I’m confused about where to look for this missing ‘z’. I’m looking at the text files of WordNet included with NLTK. Searching index.noun, the letter ‘z’ is present and accounted for, between ‘yves_tanguy’ and ‘z-axis’.
If I look up roman_alphabet (indexed as 06497872) and then check that index in data.noun, I find an entry as follows:
06497872 10 n 02 Roman_alphabet 0 Latin_alphabet 0 028 @ 06497459 n 0000 @ 06825863 n 0000 %m 06831177 n 0000 %m 06831284 n 0000 %m 06831391 n 0000 %m 06831498 n 0000 %m 06831605 n 0000 %m 06831712 n 0000 %m 06831819 n 0000 %m 06831926 n 0000 %m 06832033 n 0000 %m 06832140 n 0000 %m 06832248 n 0000 %m 06832356 n 0000 %m 06832464 n 0000 %m 06832572 n 0000 %m 06832680 n 0000 %m 06832788 n 0000 %m 06832896 n 0000 %m 06833004 n 0000 %m 06833112 n 0000 %m 06833220 n 0000 %m 06833328 n 0000 %m 06833436 n 0000 %m 06833544 n 0000 %m 06833663 n 0000 %m 06833776 n 0000 %m 06833890 n 0000 | the alphabet evolved by the ancient Romans which serves for writing most of the languages of western Europe
The index 06833890 corresponds to ‘z’ and 06831177 corresponds to ‘a’, so I’m guessing ‘z’ is included in my version??

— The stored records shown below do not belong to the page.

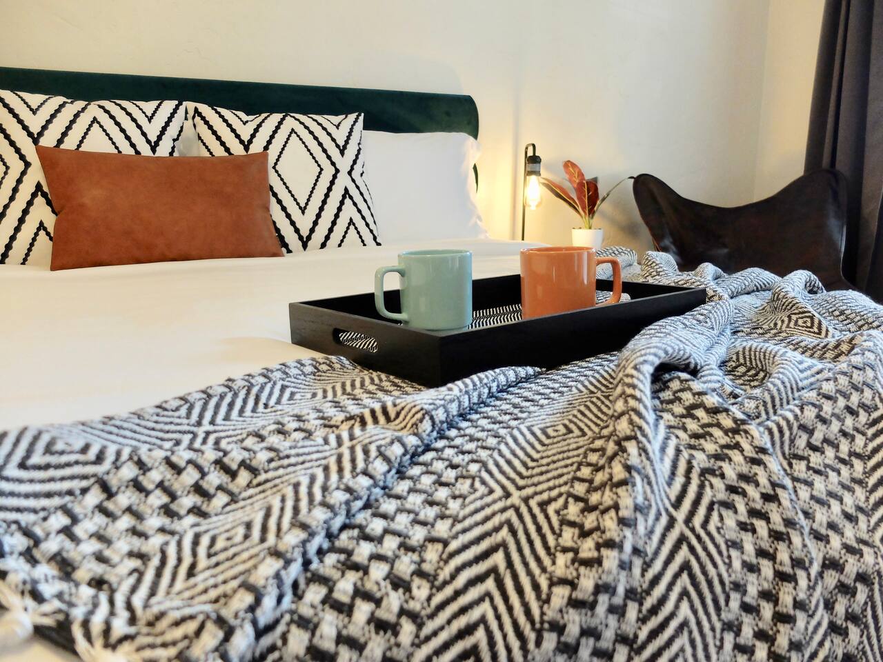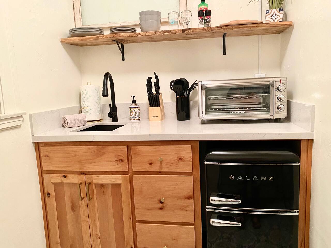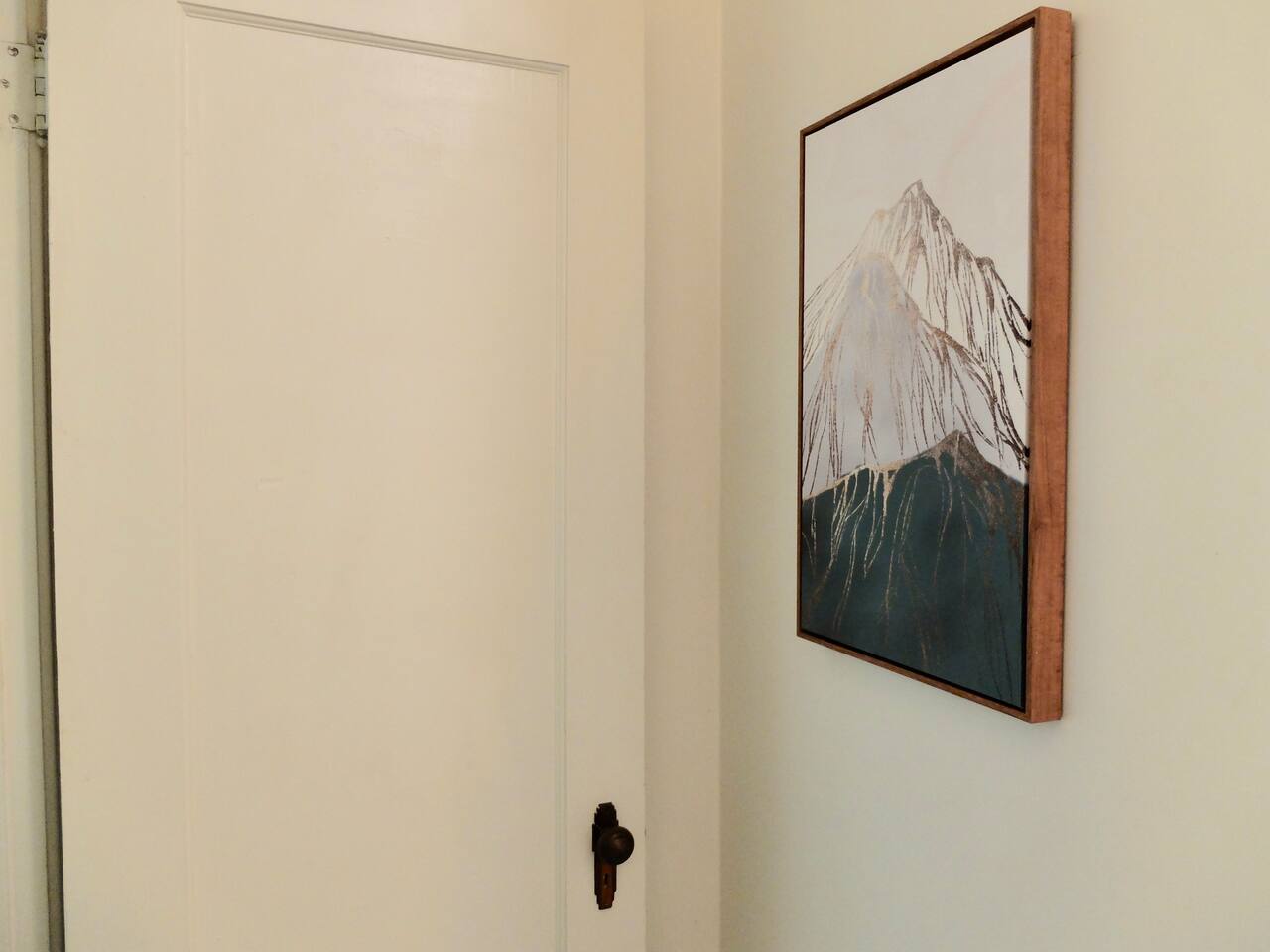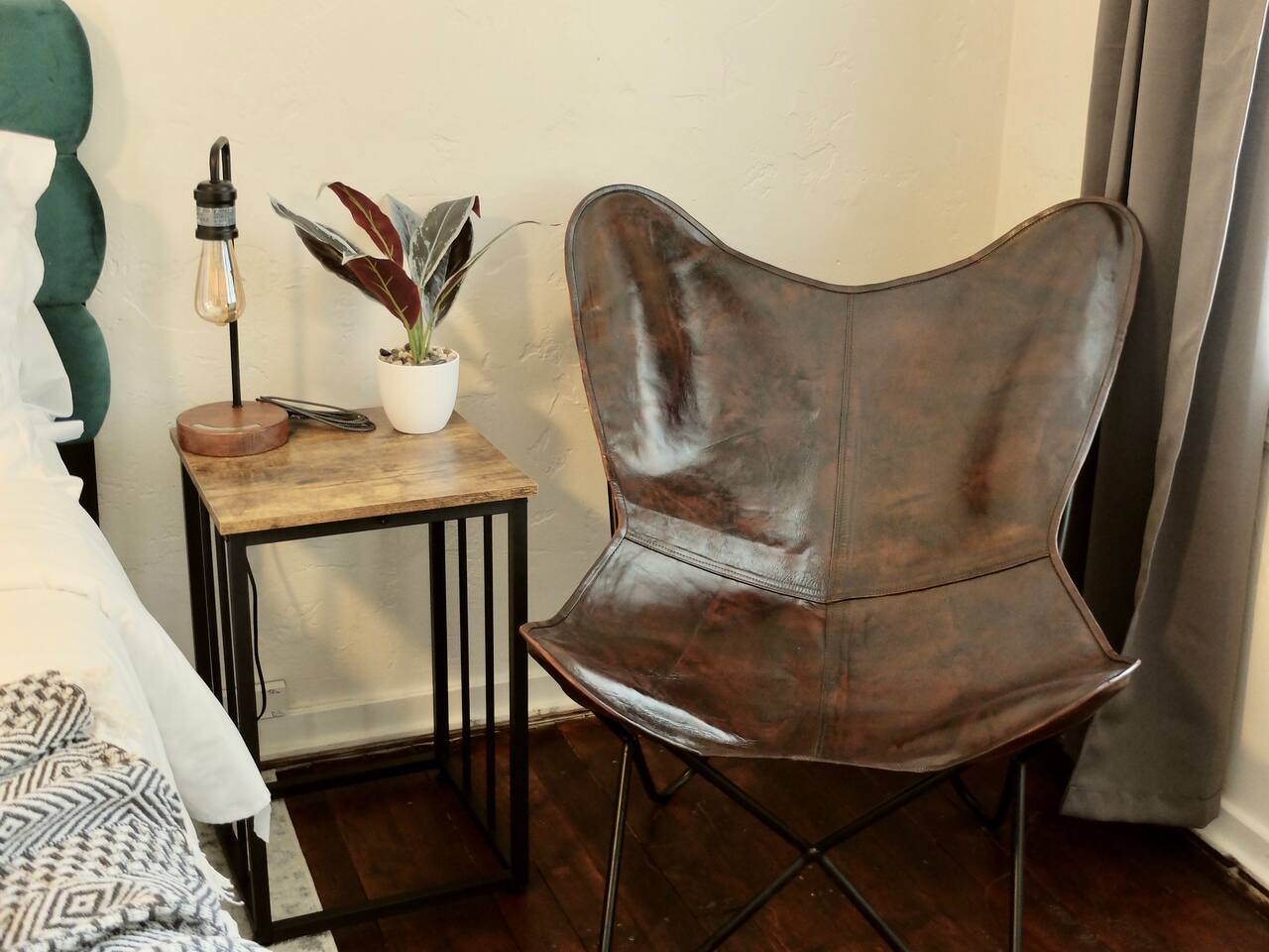 This studio takes a classical hotel room and elevates the space into a cozy, New York City-style studio! Complete with light touches of artwork and greenery, this location has the pleasant feel of an elegant apartment. Upon entry, the raised, foam-mattress, king-sized bed is the most impressive feature of the suite. The above-average sized area also comfortably fits a desk, trendy bedside chair, and well-placed television, perfectly situated for people to relax and watch beloved shows and movies! To the right of the bedroom is a bright bathroom with a tiled, walk-in shower, and to the left is a kitchen area with a bar-top, wall-installed table and two chairs. The compact refrigerator, convection oven/air fryer, hot plates, and other kitchen amenities provide a great space for guests who want to make a few meals on their own to mix things up while on vacation! Other perks of this room include: - WiFi -FireStick TV - A/C and heating unit - large wardrobe mirror - FREE on-site parking (limit: one car) - A perfectly serene location only steps away from fabulous restaurants and local shops.
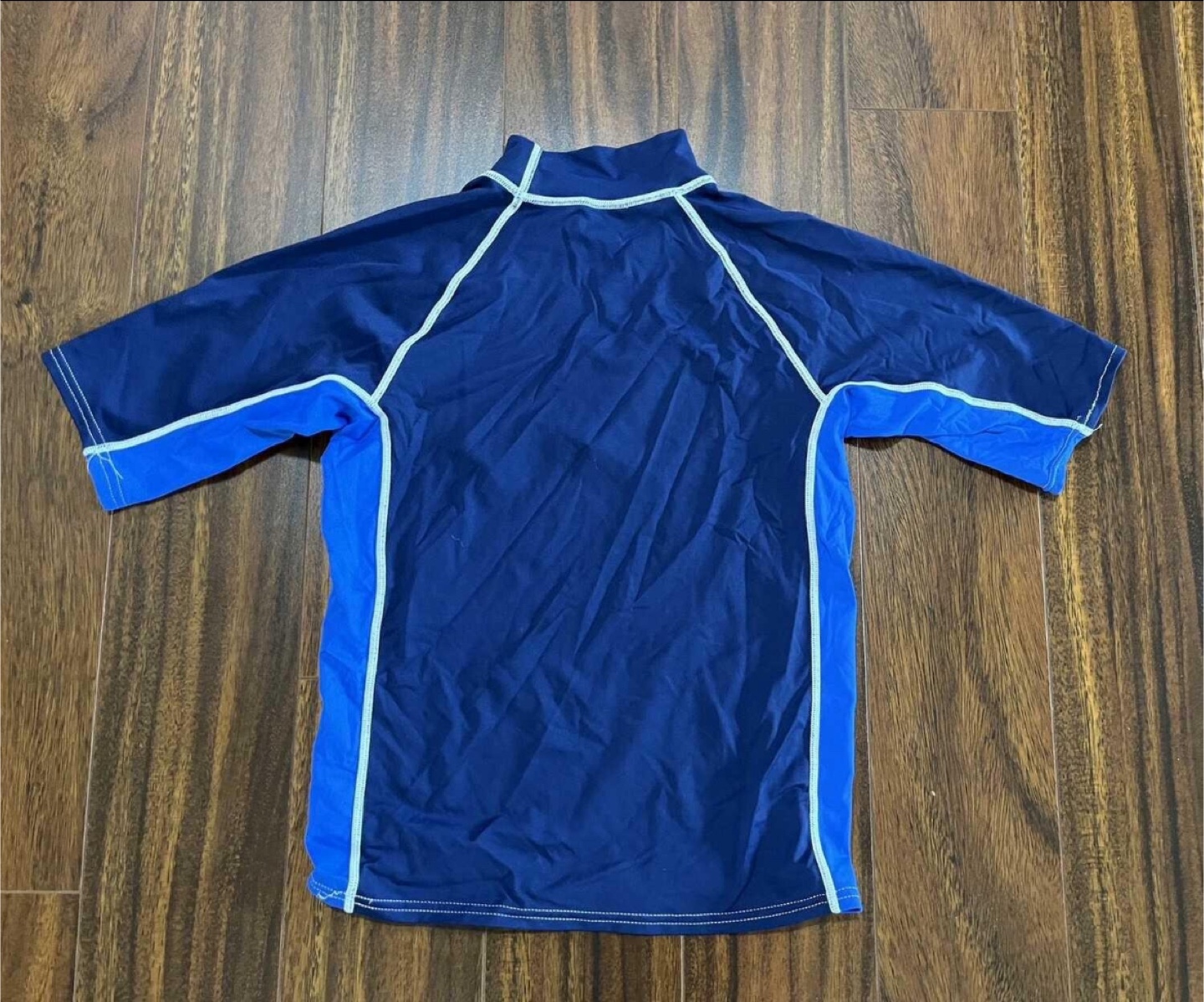 Like new! This kids’ rash guard from Tilos offers sun protection and durability for swimming or outdoor play. Size small. Navy and royal blue.
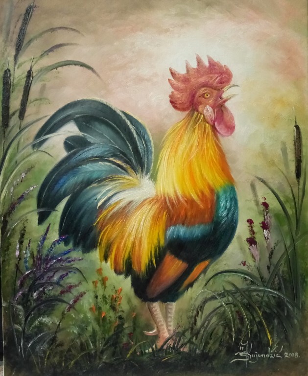 Atelje: “Pozdrav suncu (petao)”- ulje na platnu; 50x40cm
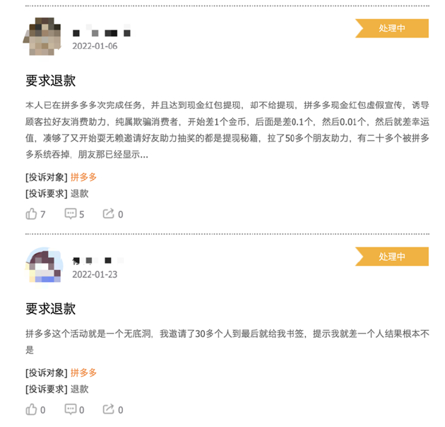 近日来,社交媒体上针对拼多多现金提现的骂声一片,在黑猫投诉上,更有大量针对拼多多现金提现活动的投诉。不少网友认为,拼多多此类活动涉嫌欺骗消费者、虚假宣传等。
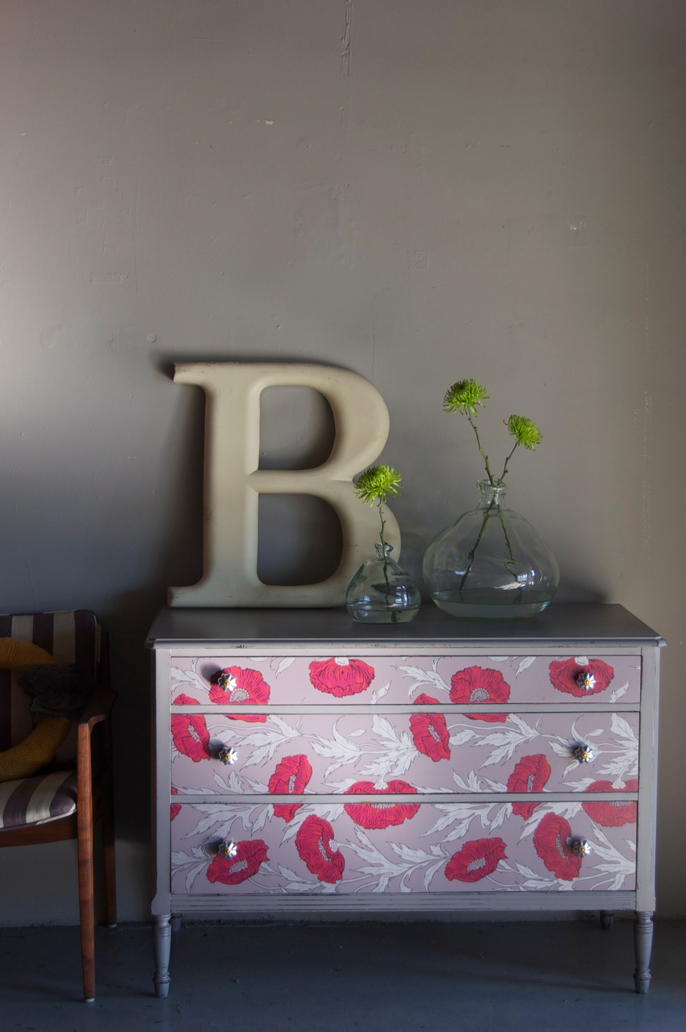 I have been waiting MONTHS to introduce you all to my little superstar....berno....named after the most fantastic Southern Living editor Jennifer Berno who came out and did a story on Knack, and our antics with furniture. I was given complete free reign in creating this piece for the magazine, which is totally AWESOME....all they asked for was a piece that you would be able to see the biggest change in.....and incorporated paint, knobs, and wallpaper. Well, here she is in all her poppy glory! I loved creating this piece, and I hope it shows in her finish......also, Berno is available in the etsy shop if you would like to have her in your home!
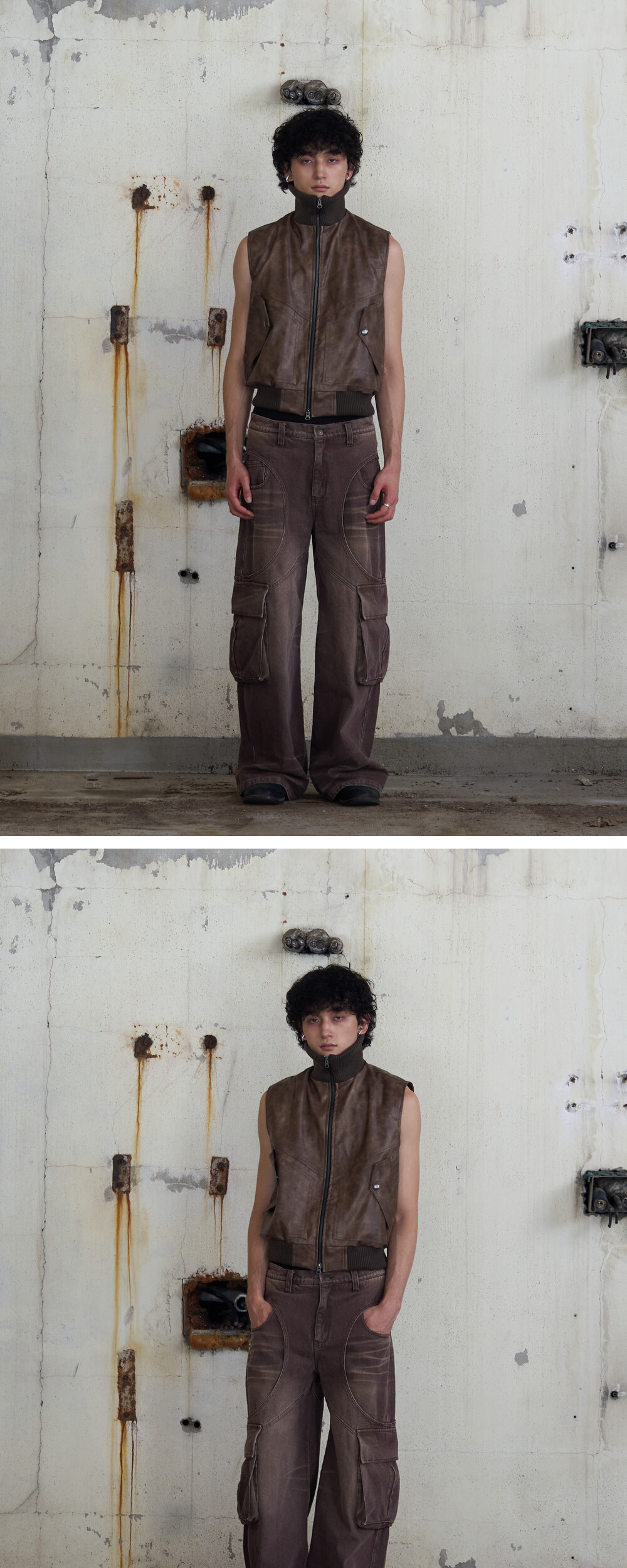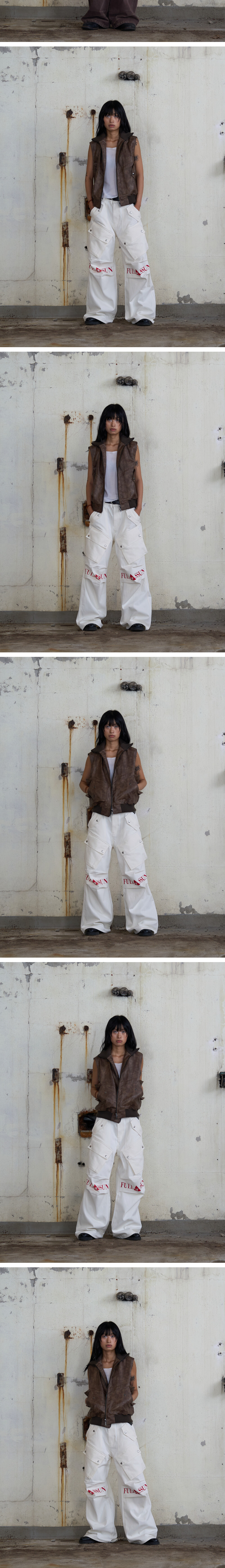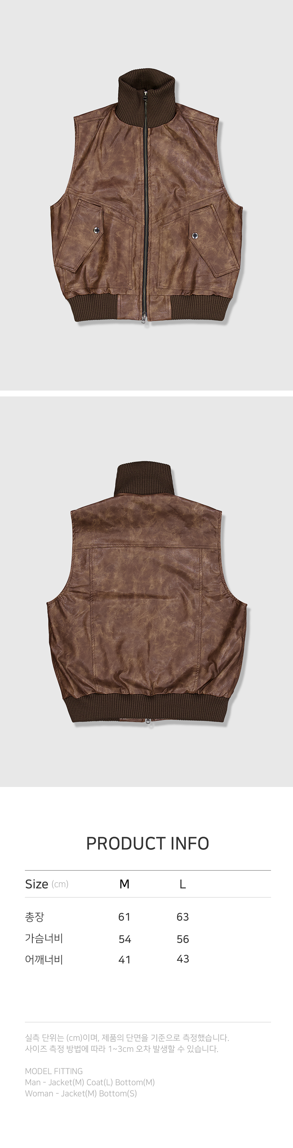 주문 후 5~7일 후 순차 발송됩니다. (주말/공휴일 제외) - 카고포켓 디테일의 레더조끼 - YKK사의 지퍼 및 부자재(퍼맥스) - Leather Crop Cargo Jacket 과 함께 스타일링 가능

Now on to antonyms. Some antonyms are only defined at the level of lemmas. Here’s an example:
>>> from nltk.corpus import wordnet as wn
>>> alls = wn.synsets('all')
>>> alls[0].antonyms()
Traceback (most recent call last):
File "<stdin>", line 1, in <module>
AttributeError: 'Synset' object has no attribute 'antonyms'
>>> alls[0].lemmas[0].antonyms()
[Lemma('no.a.01.no'), Lemma('some.a.01.some')]
As you can see, directly trying to find the antonym of the synset failed, but succeeded for the lemma. Could this be why you’re not finding those antonyms? Here’s what I found for your examples (including all synsets and all lemmas):
all: no, some, partially
before: (none found); after: (none found)
create: (none found); destroy: (none found)
happy: unhappy
in: (none found); out: safe <—odd one; perhaps by way of “knocked out” or “forbidden”?
loud: soft, piano, softly
neat: (none found); messy: (none found)
over: (none found); under: (none found)
real: unreal, nominal, insubstantial
right-side-up: (none found); upside-down: (none found)
tough: tender
ancient: (none found); modern: old style, nonmodern
every: (none found); none: (none found)
dumb: (none found); smart: stupid
crazy: (none found); sane: insane
behind: (none found); ahead: back, backward
arrive: leave
any: (none found): none: (none found)
The code snippet I wrote to search for these (if anyone’s interested) is as follows:
# For input word 'wd'
syns = wn.synsets(wd)
lemlist = []
for x in syns: lemlist.extend(x.lemmas)
antlist = []
for x in lemlist: antlist.extend(x.antonyms())
antwords = [x.name for x in antlist]
I imagine more antonyms could be found by expanding the base of synonyms. For example, if I include hyponyms in my search for “create”, I find the antonym “disassemble”. However, out of 58 hyponyms (and their 129 lemmas), that’s the only antonym that comes up. So clearly most synsets have not been tied to antonyms.